__What you are asked to do__. Every line of the material is to be repeated exactly as it stands.

__Data for analysis__.
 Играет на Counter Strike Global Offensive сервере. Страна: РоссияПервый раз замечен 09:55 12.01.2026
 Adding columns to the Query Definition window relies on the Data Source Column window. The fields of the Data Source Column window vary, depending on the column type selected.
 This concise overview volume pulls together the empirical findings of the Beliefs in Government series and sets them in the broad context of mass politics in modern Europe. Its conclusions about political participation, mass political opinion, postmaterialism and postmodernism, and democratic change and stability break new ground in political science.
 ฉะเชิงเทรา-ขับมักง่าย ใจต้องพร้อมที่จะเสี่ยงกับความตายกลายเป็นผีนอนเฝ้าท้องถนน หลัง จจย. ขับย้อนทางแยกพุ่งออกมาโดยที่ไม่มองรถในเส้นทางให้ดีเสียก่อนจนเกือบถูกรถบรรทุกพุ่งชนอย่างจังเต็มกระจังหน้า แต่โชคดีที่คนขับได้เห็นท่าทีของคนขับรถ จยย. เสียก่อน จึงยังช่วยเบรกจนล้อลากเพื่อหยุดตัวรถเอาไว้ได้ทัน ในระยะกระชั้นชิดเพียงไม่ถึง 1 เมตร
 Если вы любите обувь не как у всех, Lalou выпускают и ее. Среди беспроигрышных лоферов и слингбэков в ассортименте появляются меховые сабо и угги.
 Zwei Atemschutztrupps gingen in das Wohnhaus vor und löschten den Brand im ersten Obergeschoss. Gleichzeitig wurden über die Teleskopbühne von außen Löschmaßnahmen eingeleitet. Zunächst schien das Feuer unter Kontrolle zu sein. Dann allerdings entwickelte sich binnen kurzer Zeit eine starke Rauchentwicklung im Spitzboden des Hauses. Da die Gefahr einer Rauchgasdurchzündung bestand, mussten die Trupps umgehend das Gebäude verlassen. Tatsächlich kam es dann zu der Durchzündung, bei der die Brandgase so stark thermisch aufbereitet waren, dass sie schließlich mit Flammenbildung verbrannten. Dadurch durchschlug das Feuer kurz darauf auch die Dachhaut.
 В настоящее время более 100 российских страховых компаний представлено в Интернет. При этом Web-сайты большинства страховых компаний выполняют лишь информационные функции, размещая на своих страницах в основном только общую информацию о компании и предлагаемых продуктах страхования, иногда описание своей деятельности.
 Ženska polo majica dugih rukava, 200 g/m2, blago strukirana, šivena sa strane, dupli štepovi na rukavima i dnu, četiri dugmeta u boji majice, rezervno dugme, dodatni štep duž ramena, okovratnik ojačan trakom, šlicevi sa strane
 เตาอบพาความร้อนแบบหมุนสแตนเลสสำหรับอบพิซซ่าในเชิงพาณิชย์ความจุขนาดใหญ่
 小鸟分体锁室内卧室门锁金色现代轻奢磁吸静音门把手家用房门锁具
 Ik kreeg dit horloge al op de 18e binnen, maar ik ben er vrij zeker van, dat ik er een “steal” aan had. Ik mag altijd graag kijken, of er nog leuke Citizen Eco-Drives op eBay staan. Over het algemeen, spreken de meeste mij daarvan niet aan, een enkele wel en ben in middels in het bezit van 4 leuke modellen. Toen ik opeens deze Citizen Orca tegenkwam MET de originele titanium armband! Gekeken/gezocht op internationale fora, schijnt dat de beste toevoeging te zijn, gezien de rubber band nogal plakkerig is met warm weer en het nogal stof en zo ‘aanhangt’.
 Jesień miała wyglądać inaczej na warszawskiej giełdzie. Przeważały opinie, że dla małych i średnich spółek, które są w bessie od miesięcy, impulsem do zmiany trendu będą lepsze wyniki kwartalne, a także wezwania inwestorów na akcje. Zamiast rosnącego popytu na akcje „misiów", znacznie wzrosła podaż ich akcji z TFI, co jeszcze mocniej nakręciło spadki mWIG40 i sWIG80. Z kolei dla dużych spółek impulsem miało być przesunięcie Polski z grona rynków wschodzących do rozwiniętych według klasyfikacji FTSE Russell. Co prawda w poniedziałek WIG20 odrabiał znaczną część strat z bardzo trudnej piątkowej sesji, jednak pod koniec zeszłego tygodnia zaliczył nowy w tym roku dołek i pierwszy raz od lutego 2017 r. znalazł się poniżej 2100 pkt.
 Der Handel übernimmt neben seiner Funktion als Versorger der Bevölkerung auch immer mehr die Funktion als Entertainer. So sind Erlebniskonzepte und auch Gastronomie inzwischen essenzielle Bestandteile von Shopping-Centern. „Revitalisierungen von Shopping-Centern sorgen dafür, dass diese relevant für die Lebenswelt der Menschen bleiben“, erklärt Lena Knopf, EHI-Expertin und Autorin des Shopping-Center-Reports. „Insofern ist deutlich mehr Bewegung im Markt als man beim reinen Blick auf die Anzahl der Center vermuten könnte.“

__Task response__.
 Играет на Counter Strike Global Offensive сервере. Страна: РоссияПервый раз замечен 09:55 12.01.2026
 Adding columns to the Query Definition window relies on the Data Source Column window. The fields of the Data Source Column window vary, depending on the column type selected.
 This concise overview volume pulls together the empirical findings of the Beliefs in Government series and sets them in the broad context of mass politics in modern Europe. Its conclusions about political participation, mass political opinion, postmaterialism and postmodernism, and democratic change and stability break new ground in political science.
 ฉะเชิงเทรา-ขับมักง่าย ใจต้องพร้อมที่จะเสี่ยงกับความตายกลายเป็นผีนอนเฝ้าท้องถนน หลัง จจย. ขับย้อนทางแยกพุ่งออกมาโดยที่ไม่มองรถในเส้นทางให้ดีเสียก่อนจนเกือบถูกรถบรรทุกพุ่งชนอย่างจังเต็มกระจังหน้า แต่โชคดีที่คนขับได้เห็นท่าทีของคนขับรถ จยย. เสียก่อน จึงยังช่วยเบรกจนล้อลากเพื่อหยุดตัวรถเอาไว้ได้ทัน ในระยะกระชั้นชิดเพียงไม่ถึง 1 เมตร
 Если вы любите обувь не как у всех, Lalou выпускают и ее. Среди беспроигрышных лоферов и слингбэков в ассортименте появляются меховые сабо и угги.
 Zwei Atemschutztrupps gingen in das Wohnhaus vor und löschten den Brand im ersten Obergeschoss. Gleichzeitig wurden über die Teleskopbühne von außen Löschmaßnahmen eingeleitet. Zunächst schien das Feuer unter Kontrolle zu sein. Dann allerdings entwickelte sich binnen kurzer Zeit eine starke Rauchentwicklung im Spitzboden des Hauses. Da die Gefahr einer Rauchgasdurchzündung bestand, mussten die Trupps umgehend das Gebäude verlassen. Tatsächlich kam es dann zu der Durchzündung, bei der die Brandgase so stark thermisch aufbereitet waren, dass sie schließlich mit Flammenbildung verbrannten. Dadurch durchschlug das Feuer kurz darauf auch die Dachhaut.
 В настоящее время более 100 российских страховых компаний представлено в Интернет. При этом Web-сайты большинства страховых компаний выполняют лишь информационные функции, размещая на своих страницах в основном только общую информацию о компании и предлагаемых продуктах страхования, иногда описание своей деятельности.
 Ženska polo majica dugih rukava, 200 g/m2, blago strukirana, šivena sa strane, dupli štepovi na rukavima i dnu, četiri dugmeta u boji majice, rezervno dugme, dodatni štep duž ramena, okovratnik ojačan trakom, šlicevi sa strane
 เตาอบพาความร้อนแบบหมุนสแตนเลสสำหรับอบพิซซ่าในเชิงพาณิชย์ความจุขนาดใหญ่
 小鸟分体锁室内卧室门锁金色现代轻奢磁吸静音门把手家用房门锁具
 Ik kreeg dit horloge al op de 18e binnen, maar ik ben er vrij zeker van, dat ik er een “steal” aan had. Ik mag altijd graag kijken, of er nog leuke Citizen Eco-Drives op eBay staan. Over het algemeen, spreken de meeste mij daarvan niet aan, een enkele wel en ben in middels in het bezit van 4 leuke modellen. Toen ik opeens deze Citizen Orca tegenkwam MET de originele titanium armband! Gekeken/gezocht op internationale fora, schijnt dat de beste toevoeging te zijn, gezien de rubber band nogal plakkerig is met warm weer en het nogal stof en zo ‘aanhangt’.
 Jesień miała wyglądać inaczej na warszawskiej giełdzie. Przeważały opinie, że dla małych i średnich spółek, które są w bessie od miesięcy, impulsem do zmiany trendu będą lepsze wyniki kwartalne, a także wezwania inwestorów na akcje. Zamiast rosnącego popytu na akcje „misiów", znacznie wzrosła podaż ich akcji z TFI, co jeszcze mocniej nakręciło spadki mWIG40 i sWIG80. Z kolei dla dużych spółek impulsem miało być przesunięcie Polski z grona rynków wschodzących do rozwiniętych według klasyfikacji FTSE Russell. Co prawda w poniedziałek WIG20 odrabiał znaczną część strat z bardzo trudnej piątkowej sesji, jednak pod koniec zeszłego tygodnia zaliczył nowy w tym roku dołek i pierwszy raz od lutego 2017 r. znalazł się poniżej 2100 pkt.
 Der Handel übernimmt neben seiner Funktion als Versorger der Bevölkerung auch immer mehr die Funktion als Entertainer. So sind Erlebniskonzepte und auch Gastronomie inzwischen essenzielle Bestandteile von Shopping-Centern. „Revitalisierungen von Shopping-Centern sorgen dafür, dass diese relevant für die Lebenswelt der Menschen bleiben“, erklärt Lena Knopf, EHI-Expertin und Autorin des Shopping-Center-Reports. „Insofern ist deutlich mehr Bewegung im Markt als man beim reinen Blick auf die Anzahl der Center vermuten könnte.“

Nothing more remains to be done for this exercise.